Here is the task for the listing below: output exactly the lines from the one containing "- ๐๐๐ฎ๐น ๐ฅ๐ฒ๐๐ถ๐๐๐ฎ๐ป๐ฐ๐ฒ" through the one containing "Magnetic Puzzles for", and leave out the pictures.

--- Data listing Enclosed Below ---

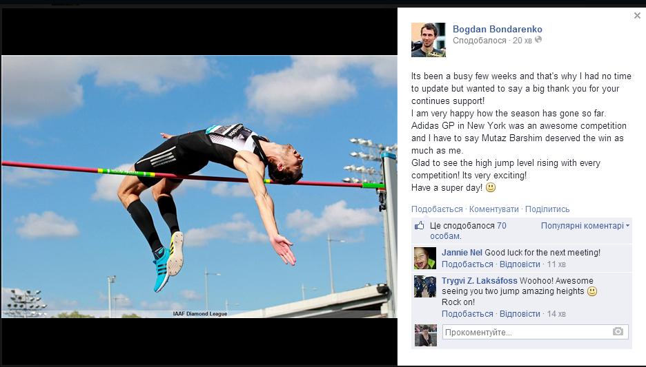 Украинский легкоатлет Богдан Бондаренко, который выиграл этап соревнований Бриллиантовой лиги в Нью-Йорке, поблагодарил болельщиков за поддержку на своей странице в Facebook.
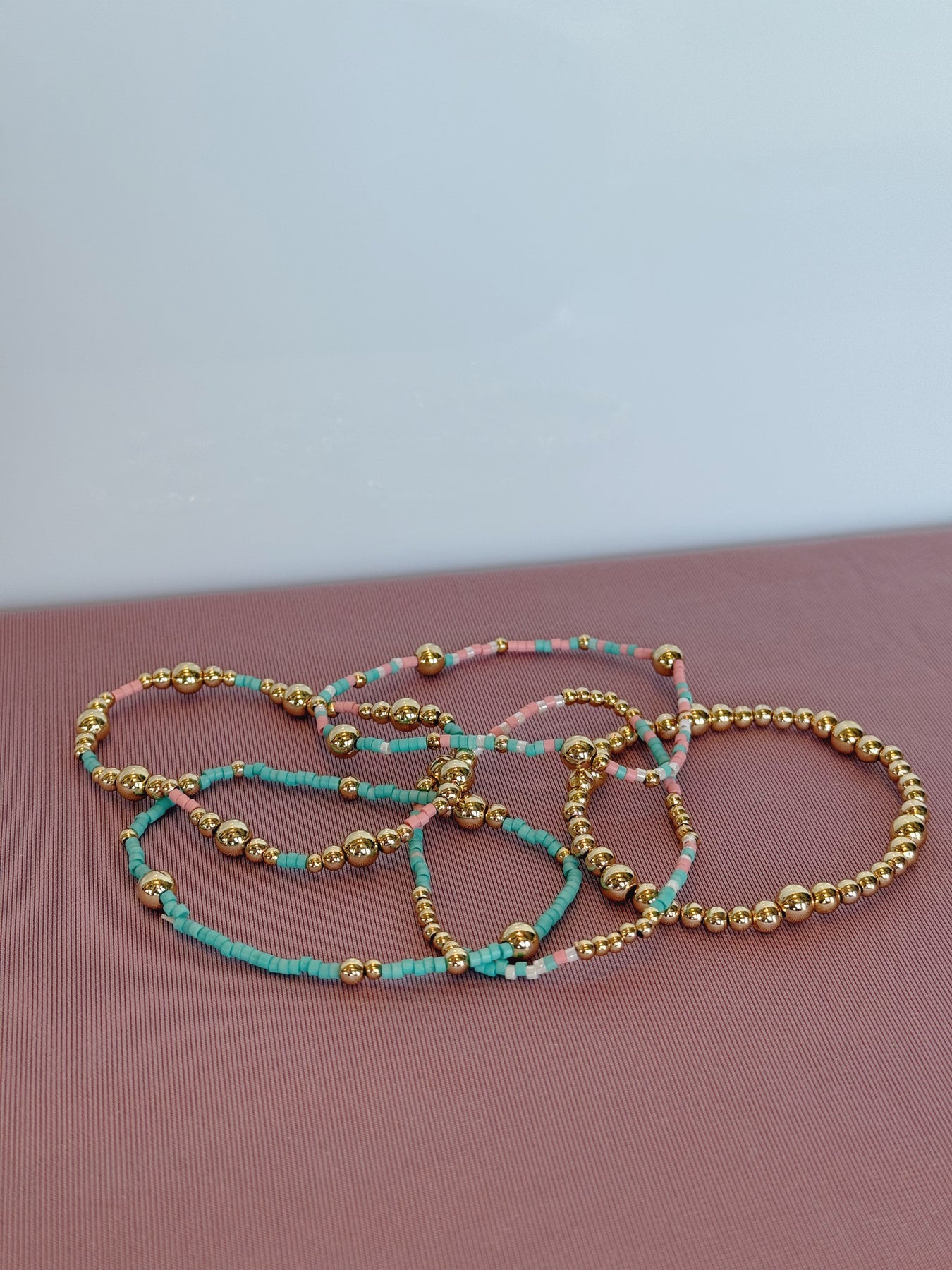 Natural Stone Semi-Precious Stone Bead Bracelet, this bracelet features an array of semi-precious stone beads, each showcasing unique colors and natural patterns that make every piece one of a kind. They can be worn alone or stacked with other bracelets, it's a beautiful way to embrace the natural beauty of semi-precious stones.
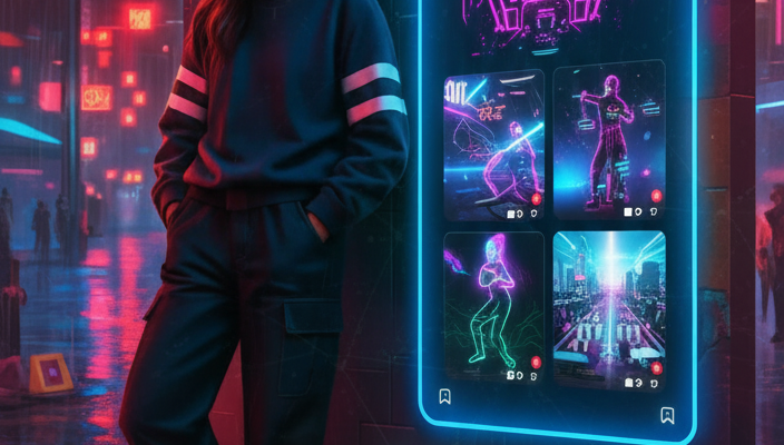 AI TikTok Poster-The image above is an example of a cinematic AI TikTok poster: neon-lit city background, a profile display and a creator styled like a poster. The following article explains what AI TikTok posters are and how you can create your own.
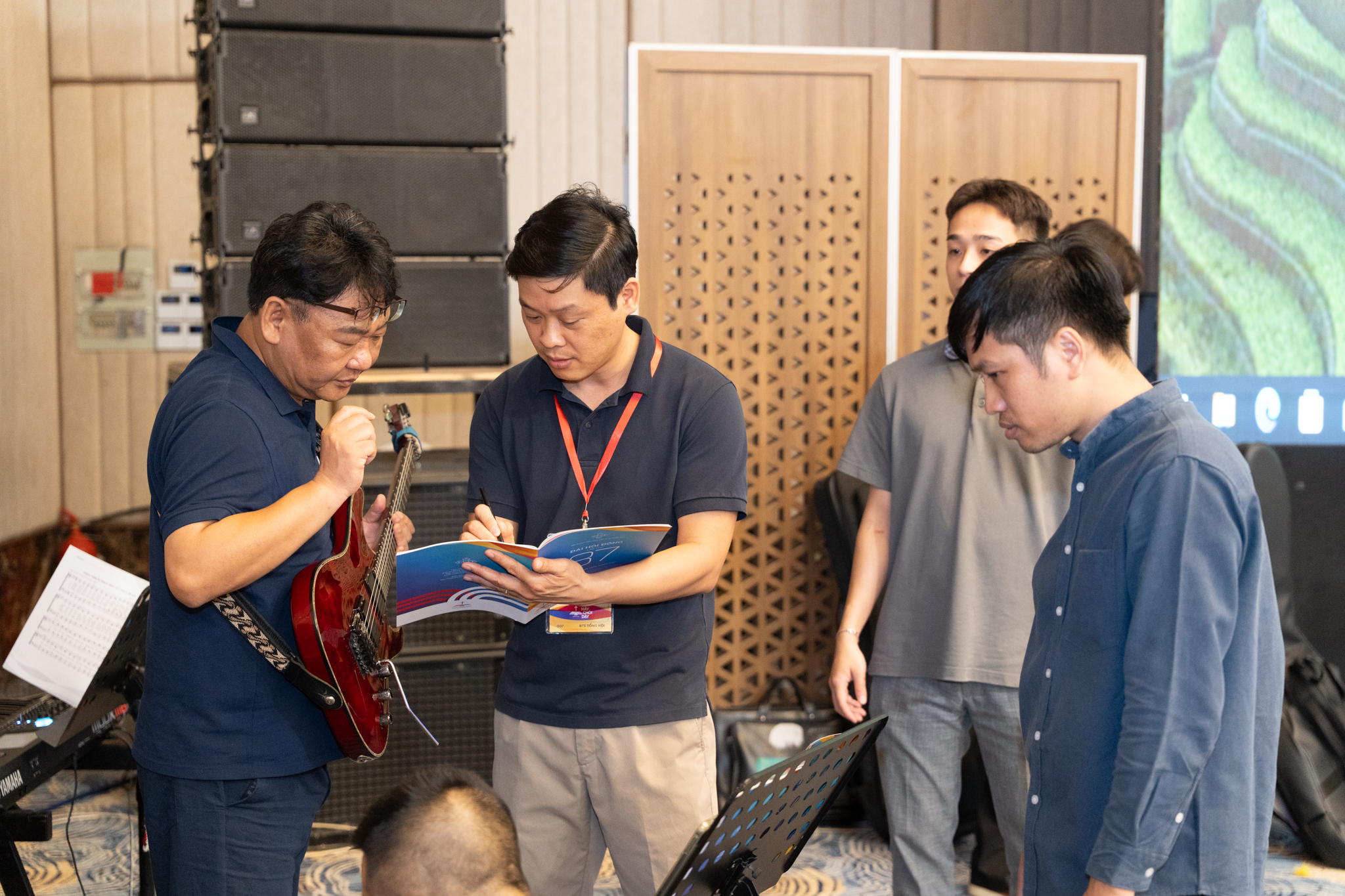 Ngay từ đầu giờ chiều hôm nay (20/04), các công tác tiếp đón, đăng ký, nhận tài liệu được triển khai đồng bộ trong tinh thần vui mừng và trật tự. Ban tiếp tân, ban tài chính khẩn trương hỗ trợ đại biểu hoàn tất thủ tục; ban kỹ thuật và truyền thông gấp rút lắp đặt, chạy thử hệ thống; trong khi đó, ban ca đoàn và hát dẫn cũng tích cực tập dượt cho các chương trình. Tất cả tạo nên một không khí vừa tất bật, vừa háo hức trước giờ khai mạc.
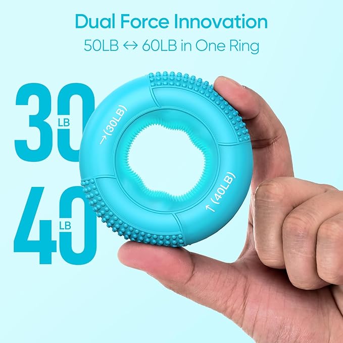 - ๐๐๐ฎ๐น ๐ฅ๐ฒ๐๐ถ๐๐๐ฎ๐ป๐ฐ๐ฒ ๐ฅ๐ถ๐ป๐ด๐ ๐ณ๐ผ๐ฟ ๐ฆ๐บ๐ฎ๐ฟ๐๐ฒ๐ฟ ๐ง๐ฟ๐ฎ๐ถ๐ป๐ถ๐ป๐ด: Each ring offers two resistance levels depending on how you squeezeโe.g., 30LB vs 40LBโgiving you double the value in one tool. Perfect for progressing from rehab to strength training without switching equipment.
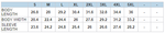 | Body Length | 28 | 29 | 30 | 31 | 32 | 33 | |
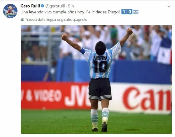 AUGURI MARADONA / Il portiere Gerònimo Rulli, a lungo seguito dal Napoli durante questa estate, ha voluto omaggiare con ammirazione il connazionale Maradona sul suo profilo Twitter.
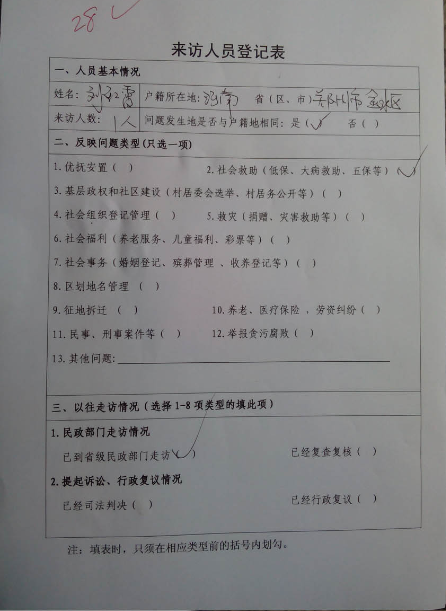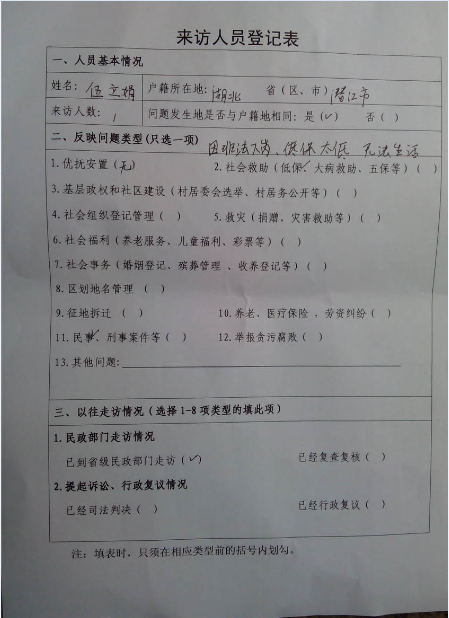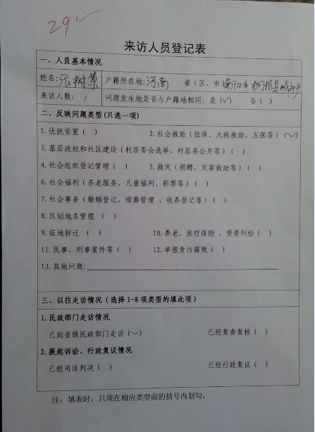 为了验证此消息,5月9日上午笔者走访民政部。此次走访民政部偶遇河南南阳张树荣、甘肃徽县侯敏玲、潜江伍立娟。除了甘肃徽县侯敏玲反映的是地震救灾重建一事外,我们三人反映的均为腐败造成的贫困问题。此次民政部开始发放了登记表,但此登记表是为了应付《无情无义的民政部》带来的官方压力。此事有登记表的纸张和格式可窥一斑:纸张为A4打印纸而不是正常的印刷表;填写格式没有具体填写反映事项的地方,可知民政部对地方官民不负责任。
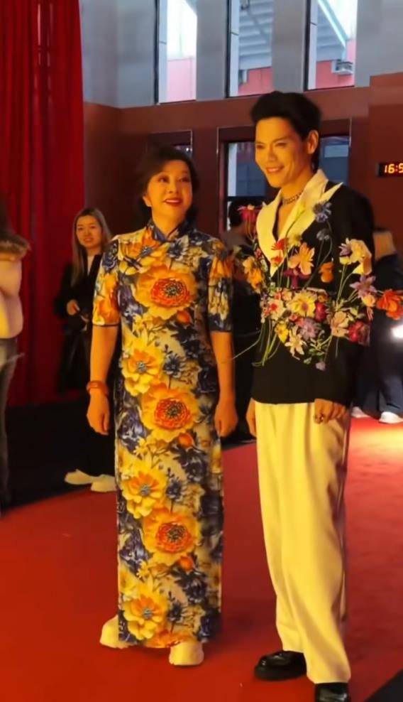 红毯上最吸睛的“意外组合”,非刘晓庆与向佐莫属。向佐一身白色西装,别出心裁地在腰间点缀了大片鲜花装饰,造型独特前卫,还被眼尖的网友调侃“是不是偷穿了郭碧婷的衣柜”。而刘晓庆则选择了一袭繁花似锦的旗袍,气场全开,脚下却混搭了一双运动鞋,将传统与不羁融合得恰到好处。当两人同框时,相似的配色与满身的花卉元素产生了奇妙的化学反应,被网友戏称为“满屏花花穿搭”、“这默契说是情侣装不过分吧”,相关话题火速冲上热搜。
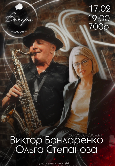 17 февраля в кафе "Вечера" выступит Виктор Бондаренко и Ольга Степанова.
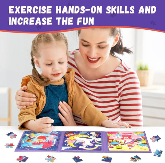 Magnetic Puzzles for Kids Ages 3-5, 3 in 1 Toddler Fairy Jigsaw Puzzle Book, Kids Travel Puzzles Toys, Preschool Learning Toy for Kids 3-8 Year (Fairy Tales)
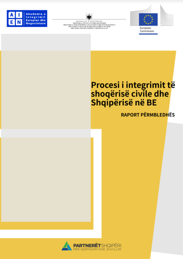 Procesi i Integrimit të Shoqërisë Civile dhe Shqipërisë në BE, është një publikim i përgatitur nga Partnerët Shqipëri për Ndryshim dhe Zhvillim, në bashkëpunim me Akademinë e Integrimit Europian dhe Negociatave, me mbështetjen financiare të Bashkimit Europian, Fondet IPA 2015.

--- End of Enclosed Data listing ---

Exercise output
 - ๐๐๐ฎ๐น ๐ฅ๐ฒ๐๐ถ๐๐๐ฎ๐ป๐ฐ๐ฒ ๐ฅ๐ถ๐ป๐ด๐ ๐ณ๐ผ๐ฟ ๐ฆ๐บ๐ฎ๐ฟ๐๐ฒ๐ฟ ๐ง๐ฟ๐ฎ๐ถ๐ป๐ถ๐ป๐ด: Each ring offers two resistance levels depending on how you squeezeโe.g., 30LB vs 40LBโgiving you double the value in one tool. Perfect for progressing from rehab to strength training without switching equipment.
 | Body Length | 28 | 29 | 30 | 31 | 32 | 33 | |
 AUGURI MARADONA / Il portiere Gerònimo Rulli, a lungo seguito dal Napoli durante questa estate, ha voluto omaggiare con ammirazione il connazionale Maradona sul suo profilo Twitter.
 为了验证此消息,5月9日上午笔者走访民政部。此次走访民政部偶遇河南南阳张树荣、甘肃徽县侯敏玲、潜江伍立娟。除了甘肃徽县侯敏玲反映的是地震救灾重建一事外,我们三人反映的均为腐败造成的贫困问题。此次民政部开始发放了登记表,但此登记表是为了应付《无情无义的民政部》带来的官方压力。此事有登记表的纸张和格式可窥一斑:纸张为A4打印纸而不是正常的印刷表;填写格式没有具体填写反映事项的地方,可知民政部对地方官民不负责任。
 红毯上最吸睛的“意外组合”,非刘晓庆与向佐莫属。向佐一身白色西装,别出心裁地在腰间点缀了大片鲜花装饰,造型独特前卫,还被眼尖的网友调侃“是不是偷穿了郭碧婷的衣柜”。而刘晓庆则选择了一袭繁花似锦的旗袍,气场全开,脚下却混搭了一双运动鞋,将传统与不羁融合得恰到好处。当两人同框时,相似的配色与满身的花卉元素产生了奇妙的化学反应,被网友戏称为“满屏花花穿搭”、“这默契说是情侣装不过分吧”,相关话题火速冲上热搜。
 17 февраля в кафе "Вечера" выступит Виктор Бондаренко и Ольга Степанова.
 Magnetic Puzzles for Kids Ages 3-5, 3 in 1 Toddler Fairy Jigsaw Puzzle Book, Kids Travel Puzzles Toys, Preschool Learning Toy for Kids 3-8 Year (Fairy Tales)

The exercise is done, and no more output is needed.